Could you repeat, exactly and with no pictures, only the lines from the start of the records through the line containing "Pretty antique French"?

## Record set:

^^^^^^^^^^^^^^^^

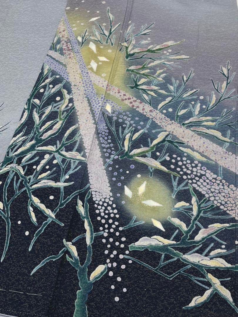 絞り染め 手刺繍 幻想的 訪問着 金通し 雪景色 正絹 躾糸付き WWW_GLOBALQUALITYIMPORTS_COM
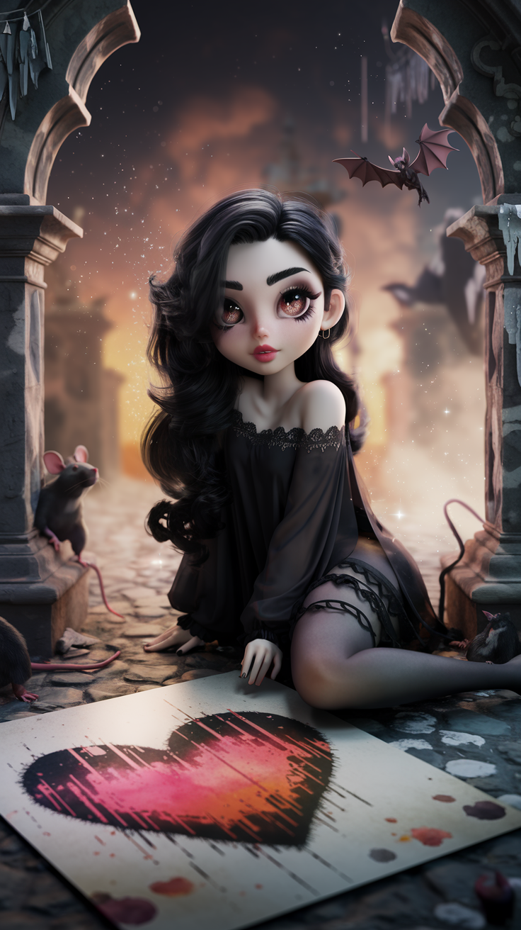 Discover this stunning free gothic fantasy phone wallpaper that perfectly blends mystery and whimsy with dark aesthetic tones. This HD background features a doll-like character seated on cobblestone within a castle setting, surrounded by rats and a bat under a warm glowing sunset. The shadowy foreground and mystical light create a dramatic contrast ideal for those who love dark wallpapers for their mobile devices. Compatible with both iPhone and Android phones, this wallpaper adds a unique gothic vibe to your lockscreen or home screen. Elevate your device with this visually captivating dark wallpaper, ensuring an exclusive and stylish HD background experience.
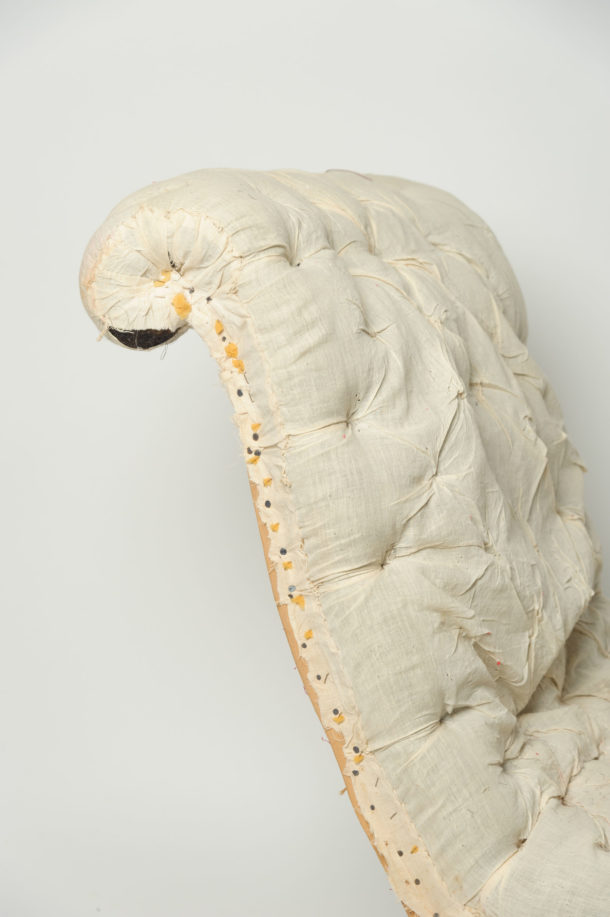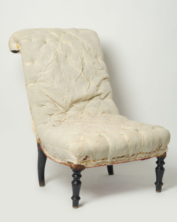 Pretty antique French slipper chair. 18″ deep in the seat.
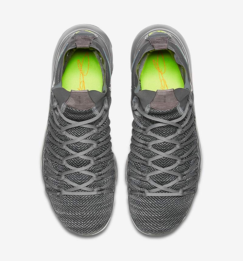 Sur cette évolution de la KD9, le maillage du tissu Flyknit est modifié, les sangles reliées aux lacets sont plus imposantes, et le col a été revu à la hausse. Des modifications qui ne devraient pas fondamentalement changer les performances, mais qui apportent une touche de nouveauté.
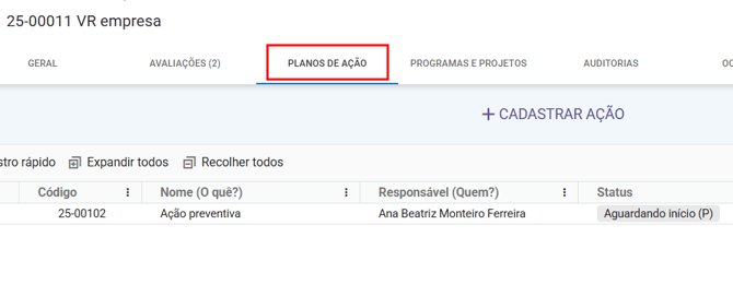 Após acessar o fornecedor desejado, clique na aba “Planos de ação”, onde você encontrará a listagem de todas as ações cadastradas para o fornecedor.

^^^^^^^^^^^^^^^^

## Your response:
 絞り染め 手刺繍 幻想的 訪問着 金通し 雪景色 正絹 躾糸付き WWW_GLOBALQUALITYIMPORTS_COM
 Discover this stunning free gothic fantasy phone wallpaper that perfectly blends mystery and whimsy with dark aesthetic tones. This HD background features a doll-like character seated on cobblestone within a castle setting, surrounded by rats and a bat under a warm glowing sunset. The shadowy foreground and mystical light create a dramatic contrast ideal for those who love dark wallpapers for their mobile devices. Compatible with both iPhone and Android phones, this wallpaper adds a unique gothic vibe to your lockscreen or home screen. Elevate your device with this visually captivating dark wallpaper, ensuring an exclusive and stylish HD background experience.
 Pretty antique French slipper chair. 18″ deep in the seat.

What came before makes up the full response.